Is it just us, or has 2016 been the year of the supergroup? We swear, every month we’re greeted with a press release touting another star-studded supergroup who somehow found the time to produce a complete album.

It’s an epidemic that has long stalked the heavy music world (not that it’s a bad thing or anything), but it’s now begun branching out into other genres, including the indie world.

With so many collaborations happening, we decided to take a look at some of the coolest supergroups to come about in 2016 and dissect whether the music they make is as exciting as the names making it.

Gone Is Gone

Members: Troy Sanders (Mastodon), Troy Van Leeuwen (Queens Of The Stone Age), Tony Hajjar (At The Drive-In), Mike Zarin

It seems basically every heavy supergroup that comes about these days has to feature at least one member of Mastodon. We’re guessing that’s one of those pieces of legislation that parliament snuck through overnight like the lockout laws.

But hey, we’re not complaining.

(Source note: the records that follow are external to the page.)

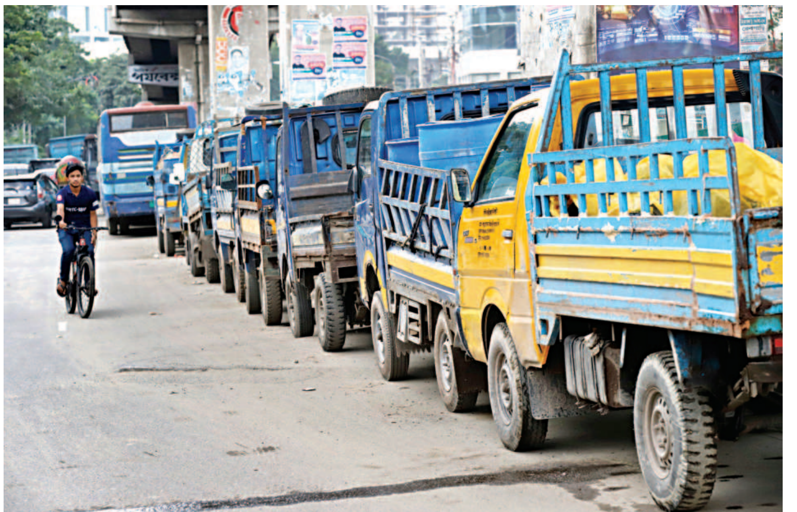
An array of pick-up trucks, parked illegally beneath the Mouchak-Moghbar flyover, takes up a significant part of the Panthapath-Tejgaon link road. The photo was taken recently near the flyover's Karwan Bazar end in the capital.
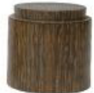
Wood Endcap for 1 3/4" pole HDW20319
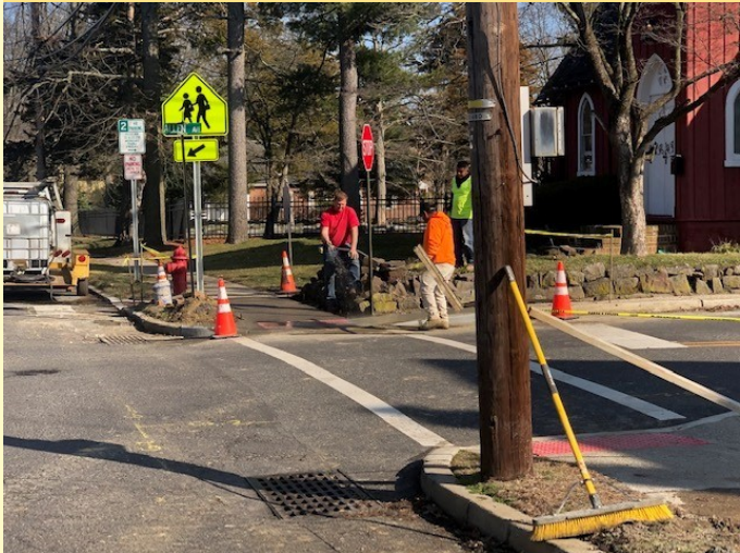
Photos of current sidewalk & curb cuts improvement work on Union St. under the Twp.'s Annual Road Program.

It is also responsibility of property owners to keep the sidewalk clear of debris, snow and ice. The property owner must be prompt in the cleaning and clearing of sidewalk to prevent pedestrian injury. This will also prolong the life of the sidewalk.
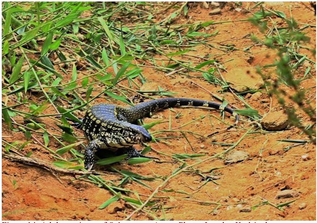
Figure.14: Adult specimen of Salvator merianae , Photo: Jaroslav Karhánek. <u>Family:</u> Teiidae

This species was observed 4 times on the transect number II on the pasture part between house and forest. We were unable to capture those animals for detail study, to take their size and better photography. They are very fast and careful during day. At night they are resting hidden in the holes, under rocks or logs. They were observed only in the morning when they were obtaining energy from sun, they were partly hidden or moving in the vegetation on the pasture in the grass or in the bush. The fly distance was around 10 m. All 4 individuals were adults, most probably 2 males (Fig.14) and 2 females according to body physique (male were robust in body and head, also much larger in length), size was estimated from 75 up to 120 cm.
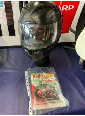
98. M - SIGNED MOTORBIKE HELMET - BSB 2019, SEPT WITH PROGRAMME & TICKET
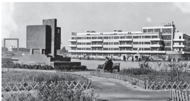
The main square of sotsgorod Uralmash in the 1930s. On the left a water tower completes the Cultury Boulevard
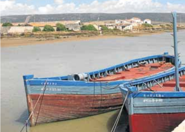
SCENIC: An inlet between Barbate and Zahara

It only seemed right to try some so I ordered up a slab of juicy red tuna steak and ate it while watching the moonlight on the water. After a day discovering the peachy beaches of the Costa de la Luz, there can be no more fitting a finale.
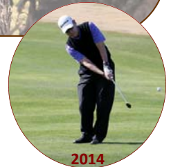
2014 Hole-in-One Winner

Title Sponsor: $25,000 (includes 16 players) Gold Sponsor: $15,000 (includes 12 players) Silver Sponsor: $10,000 (includes 8 players) Bronze Sponsor: $ 5,000 (includes 4 players) Hole Sponsor: $ 1,500 (includes 2 players) Individual Player: $ 350
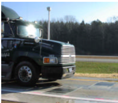
Truck Crossing WIM Scale
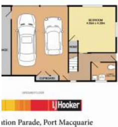
12 Plantation Parade, Port Macquarie
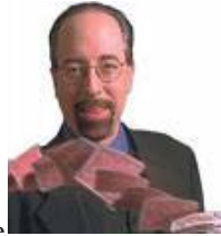
Jamy Ian Swiss
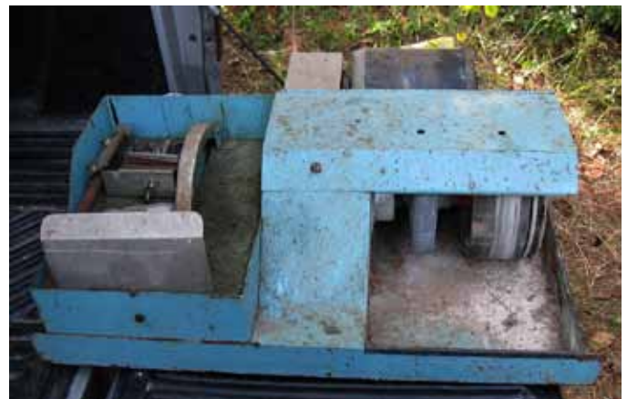
6" combo unit with saw, grinding wheel, expanding drum, and spin on polish disk.
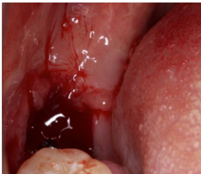
Fig 2 Generalised “ooze” from a lower wisdom tooth socket
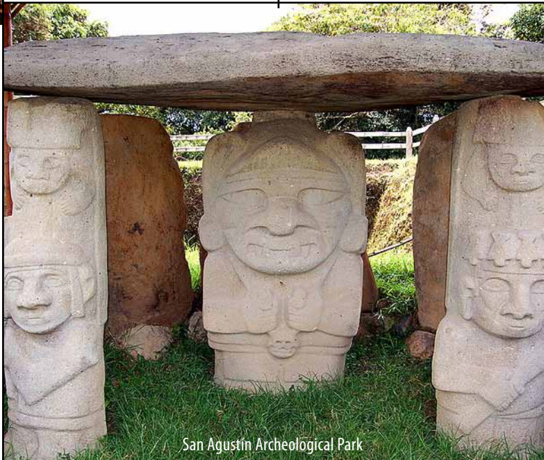
San Agustín Archeological Park
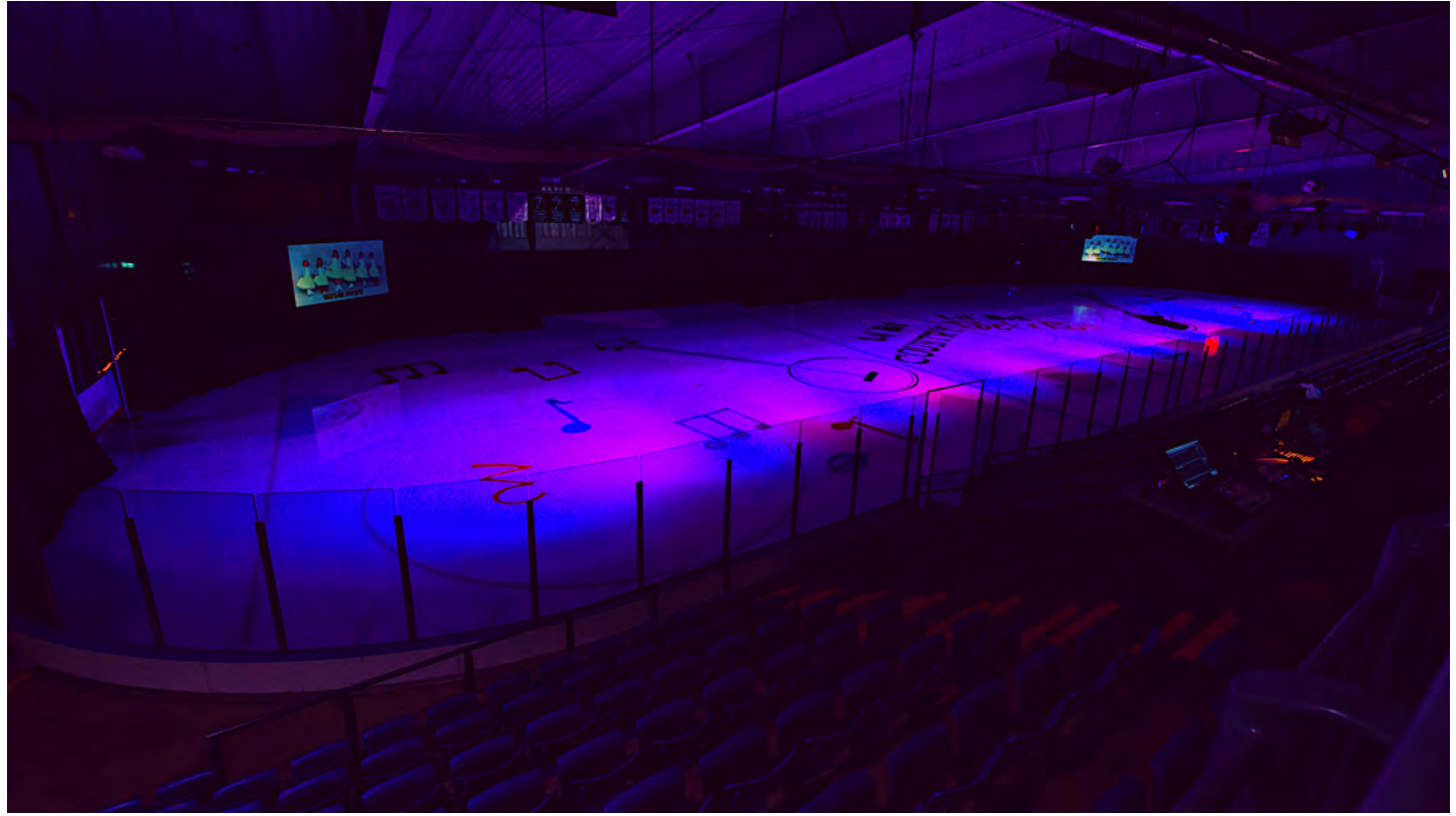
GSC Ice Show set up for "Lil" Bit Country, Lil" Bit Rock & Roll", April 27, 2019

$30 for one show of your choice, or $50 for both shows.

Whenever you see big names like Mastodon and Queens of the Stone Age attached to a project, you’re immediately skeptical about whether the project can really be bigger than the sum of its parts.

In the case of Gone Is Gone, tracks like ‘Violescent’ sound like an even mix of all of the ‘source’ bands involved. Sure, the inclusion of Sanders’s vocals certainly Mastodon-ify things quite a bit, but those yawning guitar bends are pure QOTSA and Hajjar’s drums are crisp but busy.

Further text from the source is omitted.